The Goldilocks Principle: Rocks Are Why We Don't Have Global Cooling
    By News Staff | March 19th 2014 04:11 PM | 5 comments | Print | E-mail | Track Comments

    In the television show "Cosmos", the writers and host Neil deGrasse Tyson implied that the atmosphere on Venus was due to a runaway greenhouse gas effect. They also said Giordano Bruno was a martyr for astronomy and that Saturn was the 'jewel' of the solar system.

    The only one of those partially correct is that Earth has a variety of factors that make our built-in atmospheric carbon dioxide regulator work where the one on Venus does not – including geologic cycles that churn up the planet's rocky surface. We also have gravity that keeps hydrogen from escaping into space after solar radiation breaks them, as happens on Venus.

    Essentially, Earth is 'just right' and a cultural metaphor is often the "Goldilocks" story, where a difficult-to-please intruder isn't happy with 66% of everything she encounters during a home invasion.  Until she finds something 'just right'.

    Researchers from USC and Nanjing University say water isn't the prime reason that we don't have a CO2 atmosphere and sulfuric rain clouds, like Venus has - they say that "fresh" rock pushed to the surface via mountain formation effectively acts as a kind of sponge, soaking up CO2.

    Goldilocks eventually settled in when things were just right. So did life in this solar system. Sorry, Saturn, you aren't the jewel of anything. Link: 

    If this rock formation were too quick, it would deplete atmospheric CO2 levels to a point that we would have Global Cooling within a few million years. Too slow and the CO2 from volcanoes might not be offset by water alone. So the researchers say "fresh" rock exposed by uplift also emits carbon through a chemical weathering process, which replenishes the atmospheric carbon dioxide at a comparable rate. Rocks have not been implicated in global warming to-date.

    "Our presence on Earth is dependent upon this carbon cycle. This is why life is able to survive," said Mark Torres, lead author of the paper and a doctoral fellow at USC.

    While human-made atmospheric carbon dioxide increases are currently driving significant changes in the Earth's climate, the geologic system has kept things balanced for million of years.

    "The Earth is a bit like a big, natural recycler," West said.

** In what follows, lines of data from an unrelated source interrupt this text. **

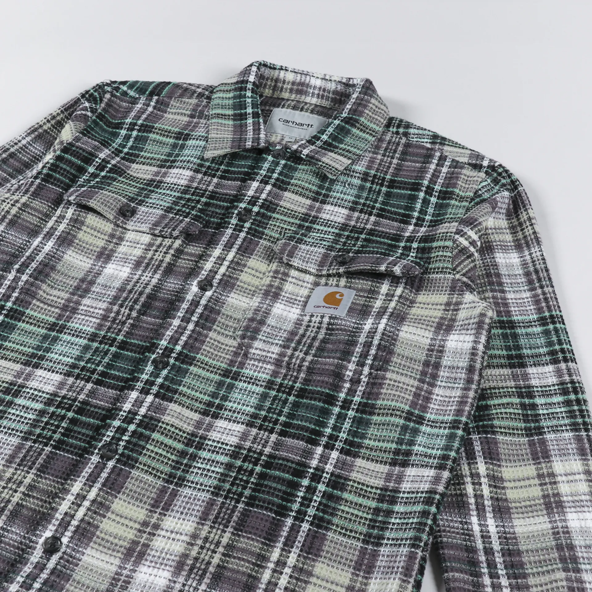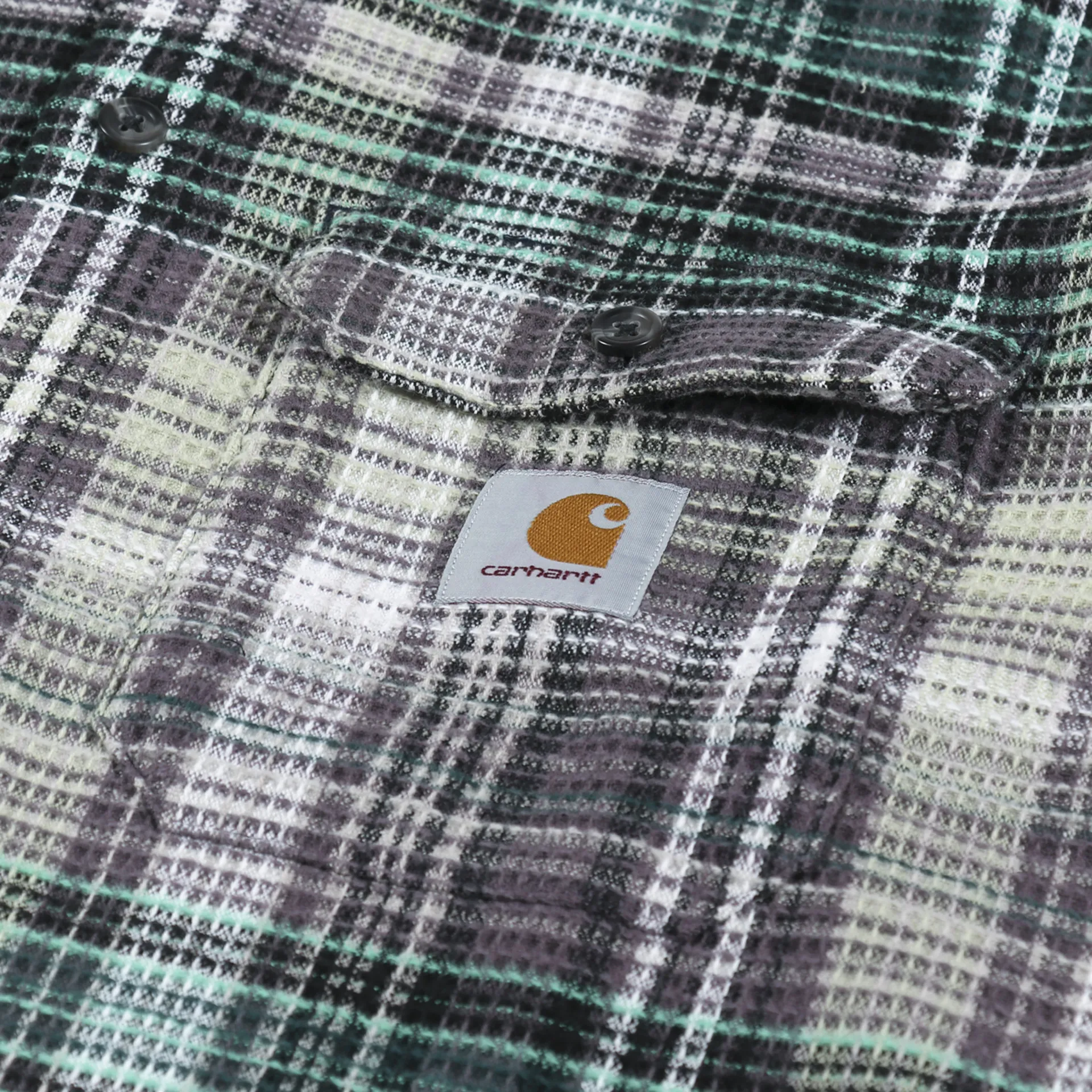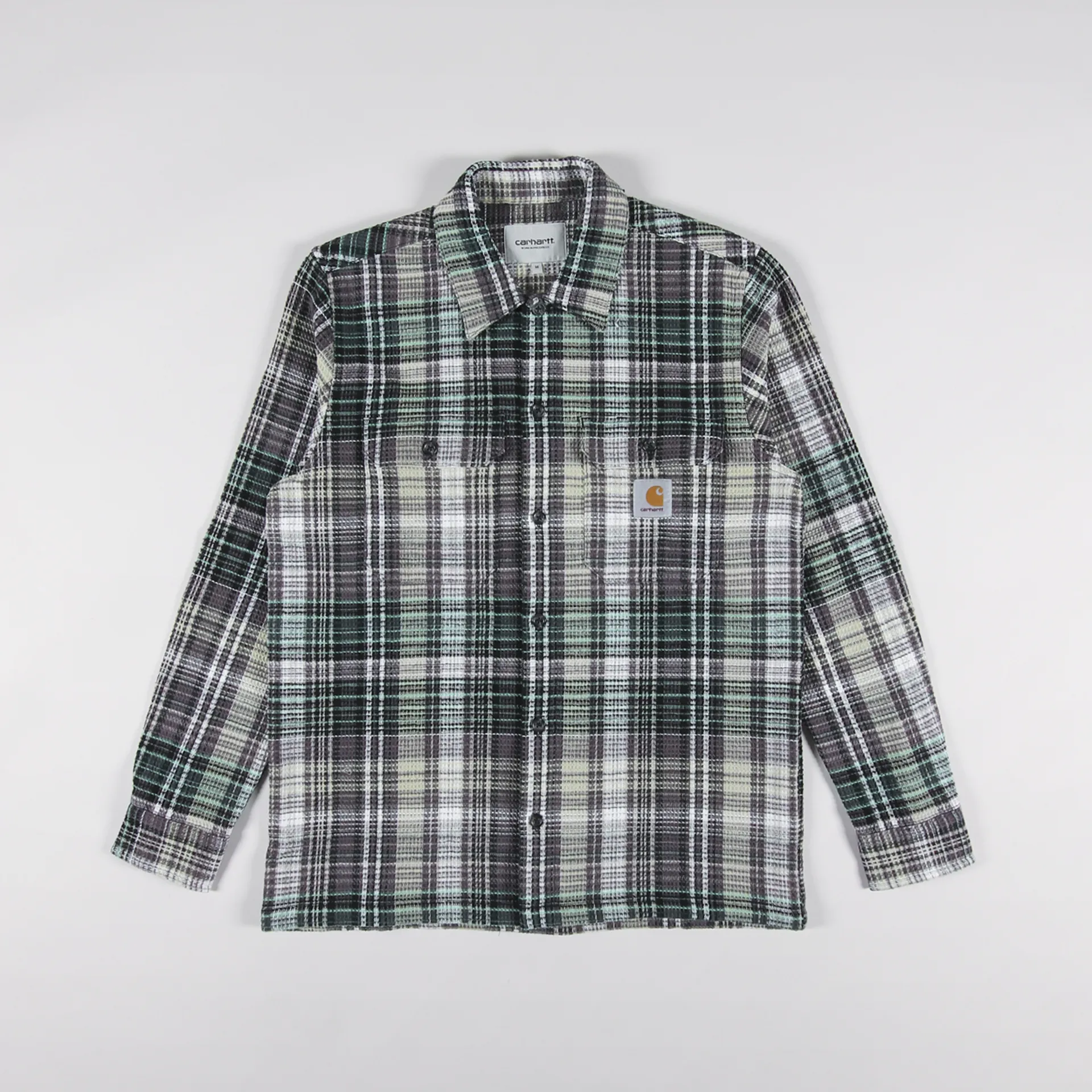 A long sleeve shirt from Carhartt WIP made from a comfortable, midweight 100% cotton waffle knit, with a buttoned front and cuffs, and two chest pockets. It has a check pattern and a woven logo patch.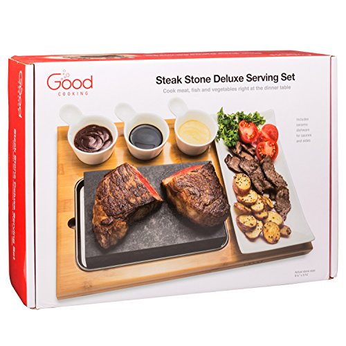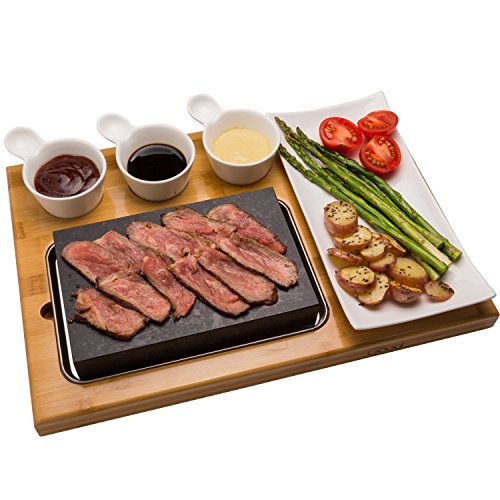 Cooking Stone- Lava Hot Steak Stone Plate and Cold Lava Rock Hibachi Grilling Stone w Ceramic Side Dishes and Bamboo Platter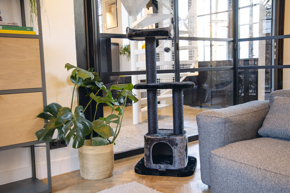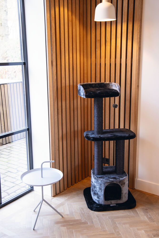 Beeztees Kedi Tırmalama ve Oyun Evi, Siyah/Gri, 50x50x120cm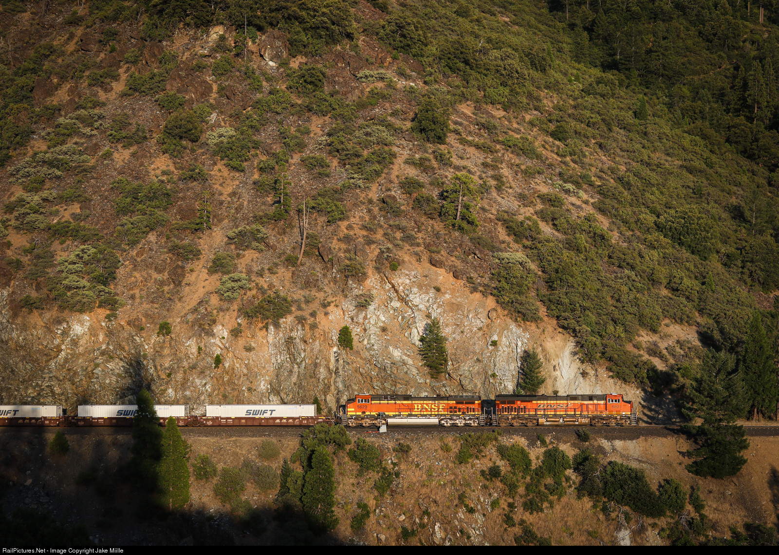 | Even during the long summer days of August, the shadows of the Feather River Canyon can quickly cloak the mountains in darkness. Here, BNSF 6821 catches the last few rays of sunlight as it heads up a westbound Swift intermodal train at Rich Bar. This would be the last pocket of sun the train would see until the following morning. |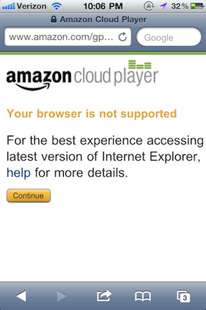Instead, it appears that Amazon may simply be blocking the mobile version of Safari from playing back songs through Cloud Player. When you attempt to load the player, you get a warning that the browser isn’t supported. But you can continue anyway and everything seems like it may be fine. But when you click “Play” nothing happens.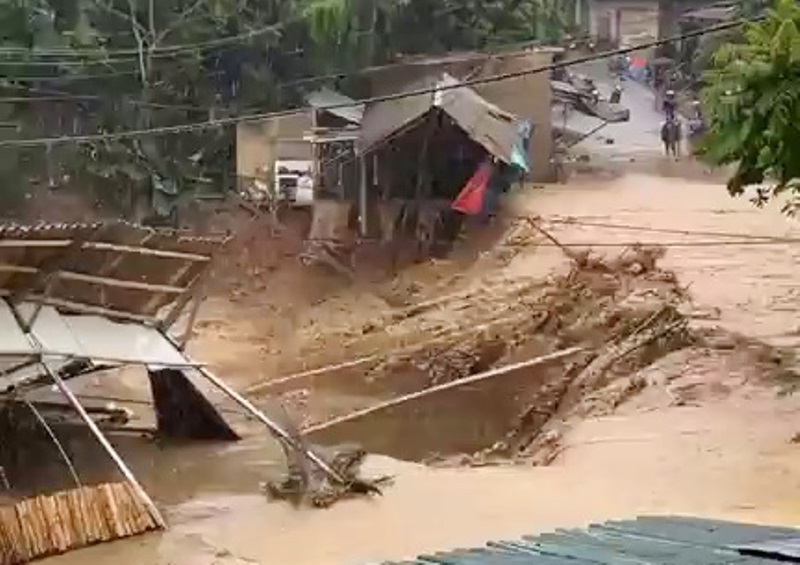 Accordingly, in On village, Phu Son commune, there was a landslide, with about 500m3 of soil and rock completely collapsing the kitchen area and drifting into Mr. Ha Van Trien's house; In Vui village, Phu Xuan commune, there was a landslide, about 200m3 of soil and rock completely buried the kitchen, cracking the wall of Mr. Ha Van Phia's household.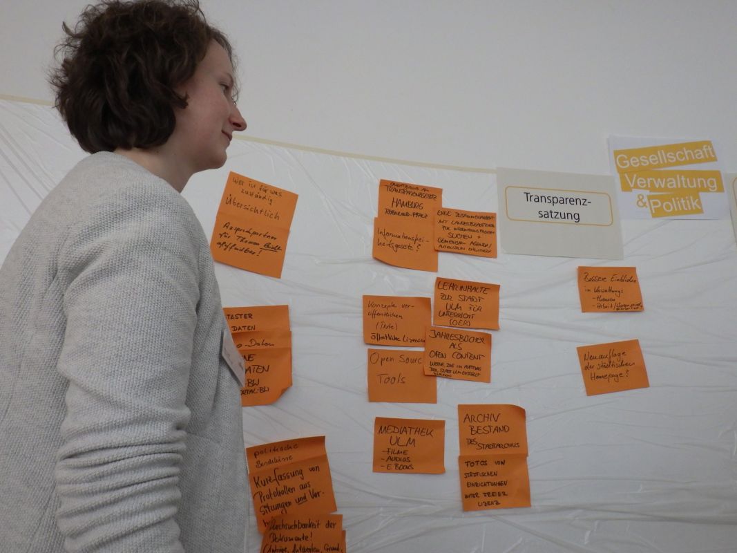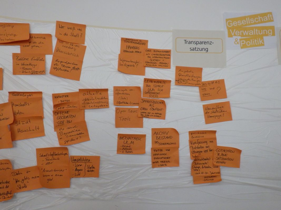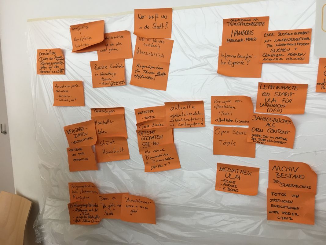 Offenlegung von Kosten und Finanzdaten (Haushalt, Vergabe etc.), Verträge von public private partnerships, Offenlegung Bearbeitungsstand, Information über persönliche Daten, Umweltdaten, Verkehrsdaten, Fallzahlen zu Dienstleistungen, Bauprojekte (Zeitpläne, Kosten, Verzögerungen), Anzahl verfügbarer Parkplätze, Projektberichte, Kitaplätze, Jahresbücher als open conten, Geodaten, Kulturdaten (z.Bsp. Fotos, Archivbestand (Mediathek Ulm)), Wie geht's meiner Stadt, politische Beschlüsse + Protokolle, geplante Baustellen,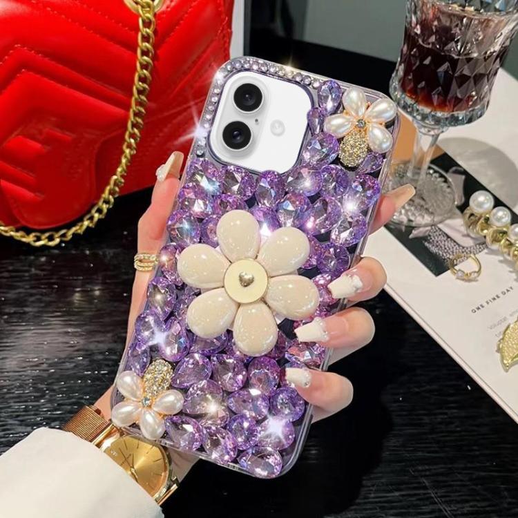 Funda para Teléfono iPhone X / Xs con Soporte de Girasol y PC con Diamantes Colocados a Mano (Púrpura)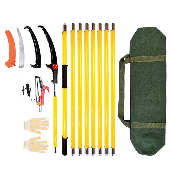 - 【Easy to install & safe and reliable】30 feet Trimmer pole saw includes 1 head rod and 8 thickened epoxy rod; The length can be adjusted as required. Once installed, you can trim even tall trees easily without climbing a ladder, and you can trim them on the ground without bending down or kneeling. It will be easier and safer to prune trees and shrubs this way.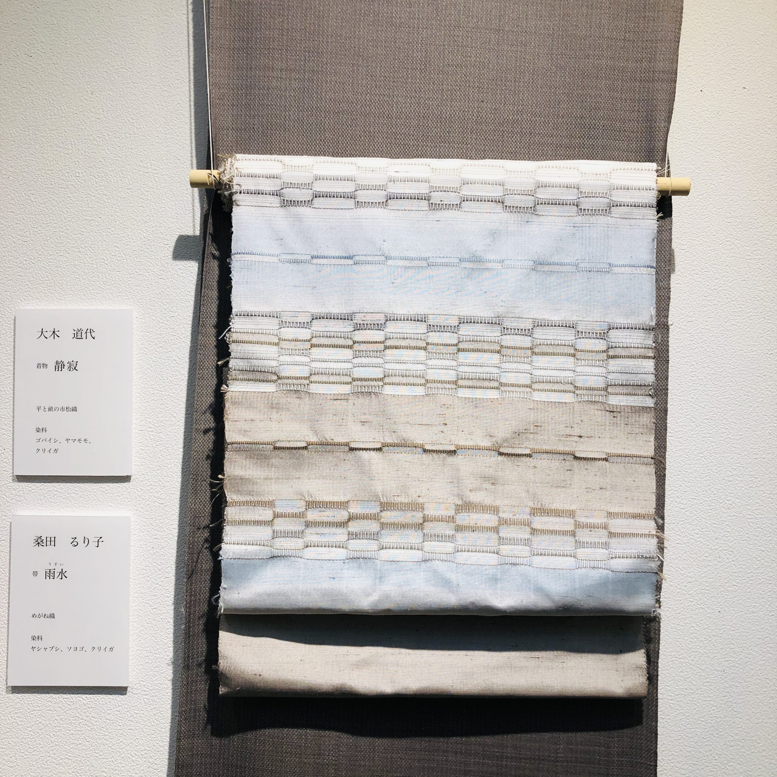 色合いも優しい眼鏡織の帯。糸の草木染から始められ約1年がかりの作品とのこと。

Torres and West studied rocks taken from the Andes mountain range in Peru and found that weathering processes affecting rocks released far more carbon than previously estimated, which motivated them to consider the global implications of CO2 release during mountain formation.

    The researchers noted that rapid erosion in the Andes unearths abundant pyrite — the shiny mineral known as "fool's gold" because of its deceptive appearance — and its chemical breakdown produces acids that release CO2 from other minerals. These observations motivated them to consider the global implications of CO2 release during mountain formation.

    Like many other large mountain ranges, such as the great Himalayas, the Andes began to form during the Cenozoic period, which began about 60 million years ago and happened to coincide with a major perturbation in the cycling of atmospheric carbon dioxide. Using marine records of the long-term carbon cycle, Torres, West, and Li reconstructed the balance between CO2 release and uptake caused by the uplift of large mountain ranges and found that the release of CO2 release by rock weathering may have played a large, but thus far unrecognized, role in regulating the concentration of atmospheric carbon dioxide over the last roughly 60 million years.

    Published in Nature.


    We also have gravity that keeps hydrogen from escaping into space after solar radiation breaks them, as happens on Venus.

    You need to rethink this sentence a little deeper.

    It seems valid. The premise of the article is that rocks are important but water remains most important. If water evaporates and gets broken into components by solar radiation and light hydrogen escapes, there is no more water and CO2 goes out of control.
    The hotter atmosphere would cause the hydrogen to escape easier. It's not *just* the gravity, which is after all, 90% of Earth's, but the temperature. And probably the lack of magnetosphere helping to strip it away, as well.

    It's seldom just one thing, really.

    Robert H. Olley / Quondam Physics Department / University of Reading / England
    Earth also has a magnetosphere which protects it from radiation from the sun. I've read that's why Mars has so little atmosphere, it's been striped by the solar wind. Although nobody saw this happen, so maybe that's just conjecture.